─── Data records ───
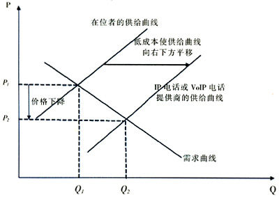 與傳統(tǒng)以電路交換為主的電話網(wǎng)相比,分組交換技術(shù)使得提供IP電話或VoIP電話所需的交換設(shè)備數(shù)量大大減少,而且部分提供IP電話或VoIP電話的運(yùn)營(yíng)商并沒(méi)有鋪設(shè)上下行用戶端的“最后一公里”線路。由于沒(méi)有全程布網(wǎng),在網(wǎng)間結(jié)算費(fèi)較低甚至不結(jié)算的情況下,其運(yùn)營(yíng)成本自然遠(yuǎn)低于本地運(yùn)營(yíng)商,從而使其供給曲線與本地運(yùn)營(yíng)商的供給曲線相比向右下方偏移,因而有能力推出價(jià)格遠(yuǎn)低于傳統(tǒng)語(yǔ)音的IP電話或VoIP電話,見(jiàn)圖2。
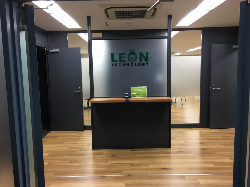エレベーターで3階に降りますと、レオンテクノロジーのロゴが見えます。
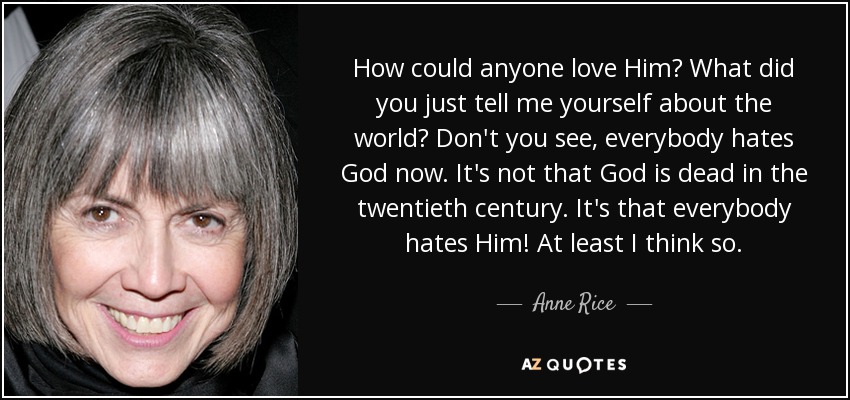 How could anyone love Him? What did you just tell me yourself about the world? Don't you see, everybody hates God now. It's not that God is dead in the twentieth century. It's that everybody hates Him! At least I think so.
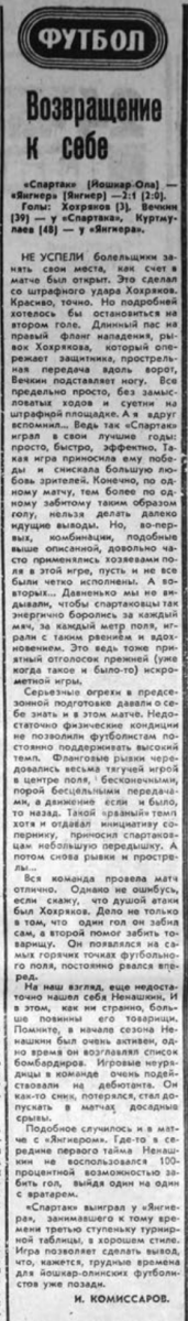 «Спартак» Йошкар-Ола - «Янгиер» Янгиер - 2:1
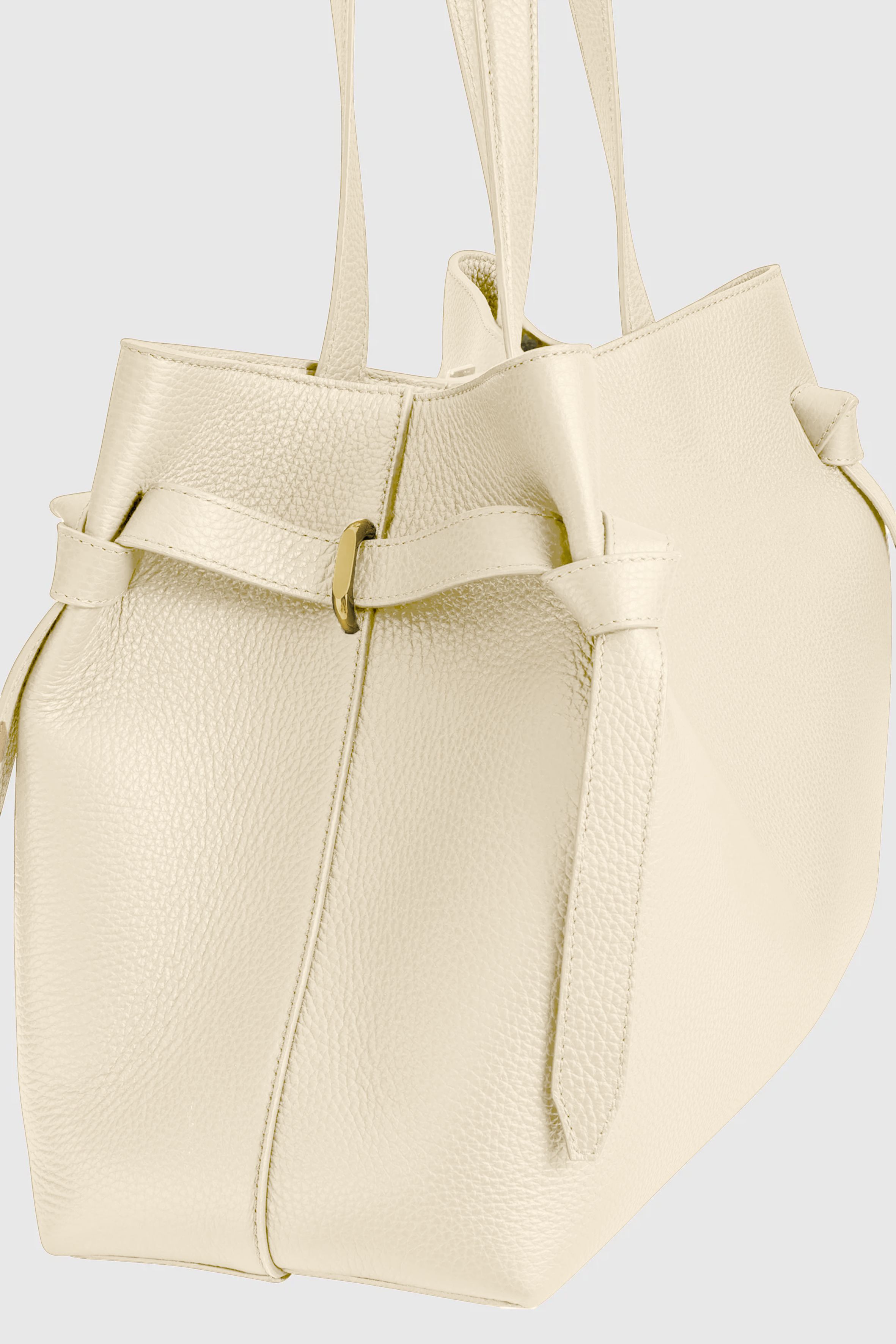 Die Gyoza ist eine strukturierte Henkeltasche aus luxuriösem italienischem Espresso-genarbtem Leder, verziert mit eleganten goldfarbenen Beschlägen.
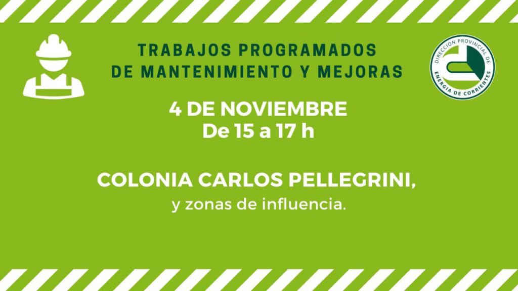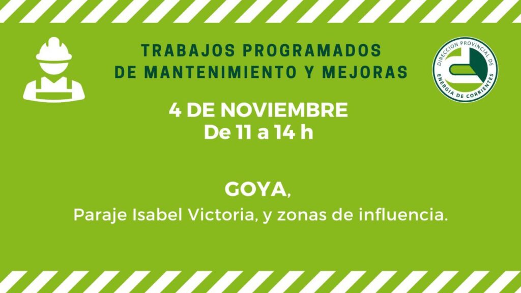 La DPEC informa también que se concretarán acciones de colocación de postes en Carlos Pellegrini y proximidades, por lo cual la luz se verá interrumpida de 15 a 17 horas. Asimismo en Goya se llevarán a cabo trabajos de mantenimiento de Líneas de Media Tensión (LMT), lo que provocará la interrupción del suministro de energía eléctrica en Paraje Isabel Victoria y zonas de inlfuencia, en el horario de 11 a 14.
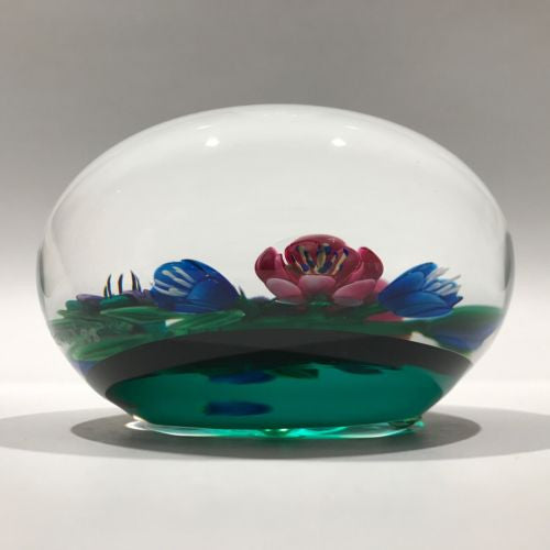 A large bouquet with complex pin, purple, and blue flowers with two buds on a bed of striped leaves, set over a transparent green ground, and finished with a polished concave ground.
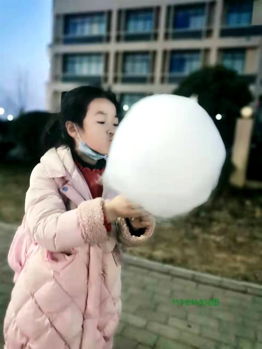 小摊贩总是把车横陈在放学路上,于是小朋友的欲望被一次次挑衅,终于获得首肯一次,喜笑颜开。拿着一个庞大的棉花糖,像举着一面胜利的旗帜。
───
─── Data records ───
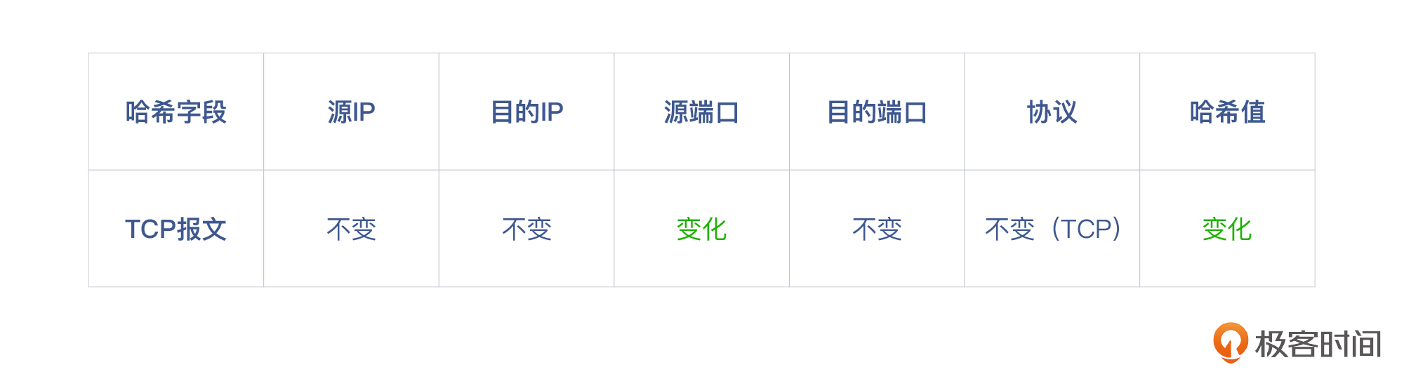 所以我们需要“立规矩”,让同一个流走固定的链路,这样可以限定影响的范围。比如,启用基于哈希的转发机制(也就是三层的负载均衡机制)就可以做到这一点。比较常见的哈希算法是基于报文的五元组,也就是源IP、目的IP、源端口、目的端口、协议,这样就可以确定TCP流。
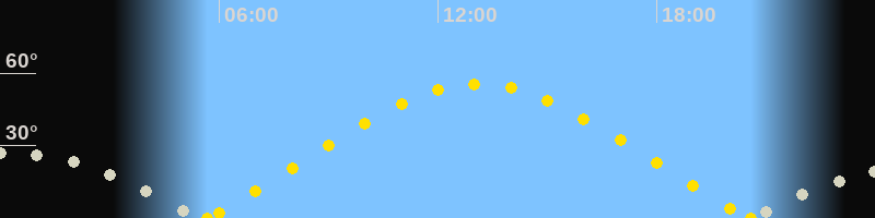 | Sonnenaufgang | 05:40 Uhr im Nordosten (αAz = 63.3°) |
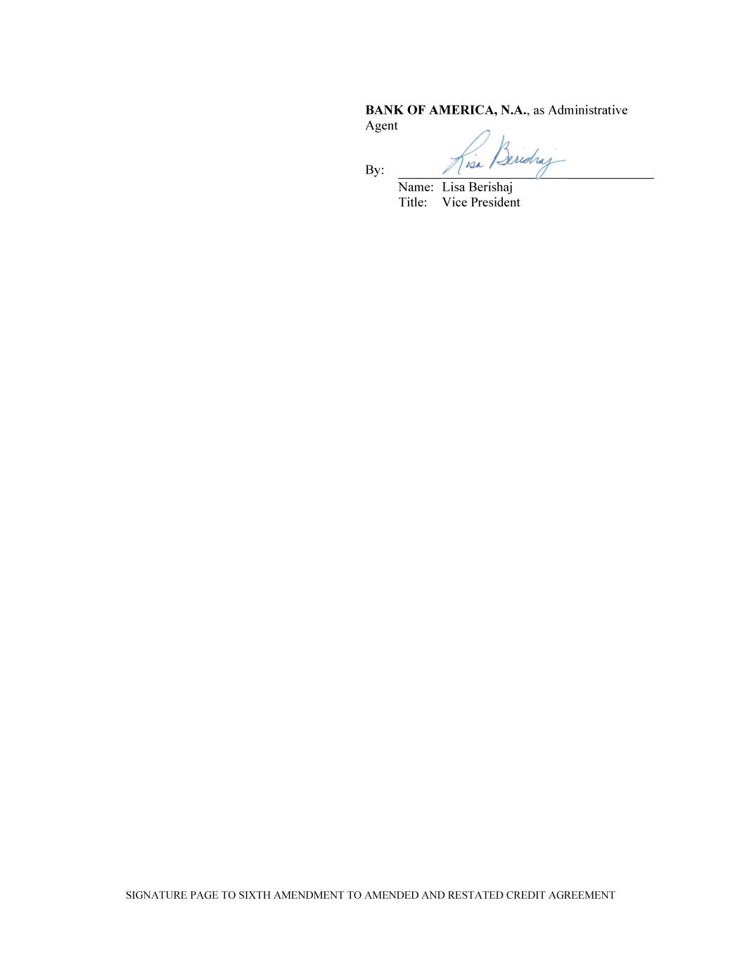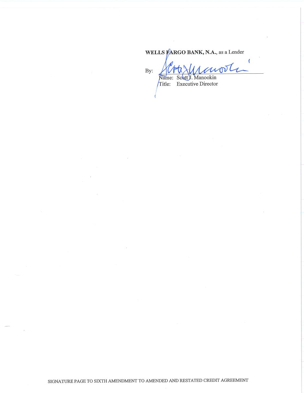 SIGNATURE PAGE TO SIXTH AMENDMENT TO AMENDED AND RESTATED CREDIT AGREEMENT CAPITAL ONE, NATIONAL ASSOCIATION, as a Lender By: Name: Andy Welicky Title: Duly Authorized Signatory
───
The lines to copy exactly start with the line above that has "La DPEC informa" and go on through the line that has "小摊贩总是把车横陈在放学路上"; please include both, add nothing else, and omit the pictures.

» Answer below
 La DPEC informa también que se concretarán acciones de colocación de postes en Carlos Pellegrini y proximidades, por lo cual la luz se verá interrumpida de 15 a 17 horas. Asimismo en Goya se llevarán a cabo trabajos de mantenimiento de Líneas de Media Tensión (LMT), lo que provocará la interrupción del suministro de energía eléctrica en Paraje Isabel Victoria y zonas de inlfuencia, en el horario de 11 a 14.
 A large bouquet with complex pin, purple, and blue flowers with two buds on a bed of striped leaves, set over a transparent green ground, and finished with a polished concave ground.
 小摊贩总是把车横陈在放学路上,于是小朋友的欲望被一次次挑衅,终于获得首肯一次,喜笑颜开。拿着一个庞大的棉花糖,像举着一面胜利的旗帜。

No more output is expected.